98% dos ataques cibernéticos contra PMEs tiveram motivação financeira, sendo que 54% envolveram credenciais comprometidas — DBIR de 2023 da Verizon
Para esclarecer como essas tendências estão se desenrolando em PMEs, a LastPass entrevistou recentemente mais de 600 líderes de segurança empresarial e de TI de empresas com menos de 3.000 colaboradores.
A pesquisa revelou um padrão preocupante: embora os líderes de PMEs estejam se tornando mais proativos na abordagem à cibersegurança — aumentando a conscientização e o investimento em medidas de segurança, por exemplo —, os entrevistados identificaram que fatores humanos ainda criam sérias lacunas de segurança que podem deixar essas organizações vulneráveis aos cibercriminosos.
Como os líderes de PMEs podem sanar essas lacunas?
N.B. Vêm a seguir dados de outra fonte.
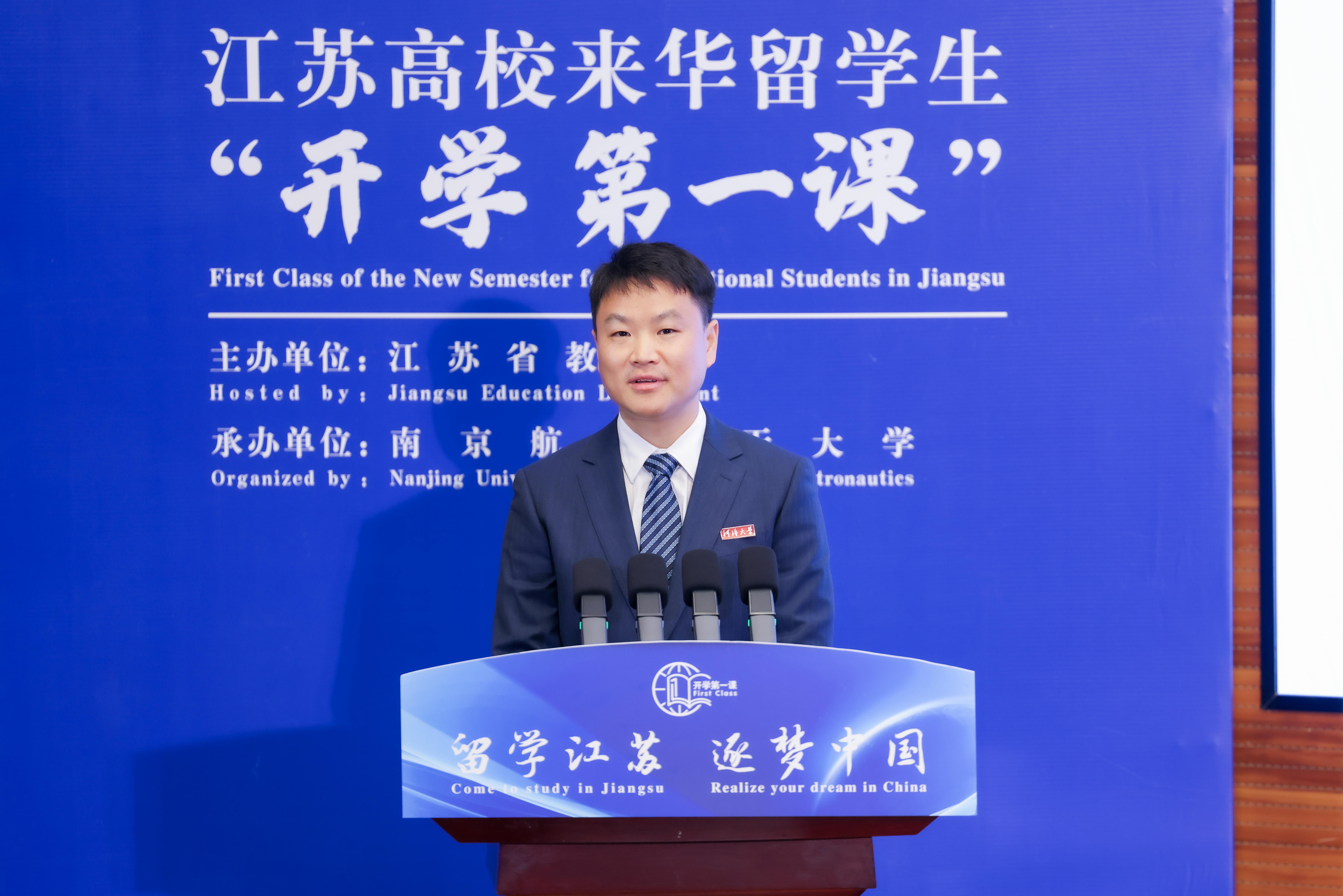 9月26日,由江苏省教育厅主办的“留学江苏 逐梦中国”2024年江苏高校来华留学生“开学第一课”在南京航空航天大学举行。省教育厅副厅长杨树兵、省外办副主任金尚军、省公安厅出入境管理局政委施霄慧等领导出席活动。我校水文水资源学院张珂教授受邀作为导师代表发言,国教院陈红胜院长、带队老师及20名留学生代表出席了此次活动。

Continue lendo para obter análises e conselhos da equipe de inteligência de ameaças da LastPass.
Revelando a desconexão da responsabilidade
O fenômeno mais marcante identificado pela pesquisa é a desconexão da responsabilidade entre as ações dos executivos e os comportamentos dos colaboradores.
Os executivos estão enfatizando e investindo mais em cibersegurança: 90% dos líderes de TI e 80% dos líderes que não atuam na área de TI relataram uma ênfase maior em medidas de cibersegurança no último ano, e 82% das empresas aumentaram seus orçamentos de cibersegurança.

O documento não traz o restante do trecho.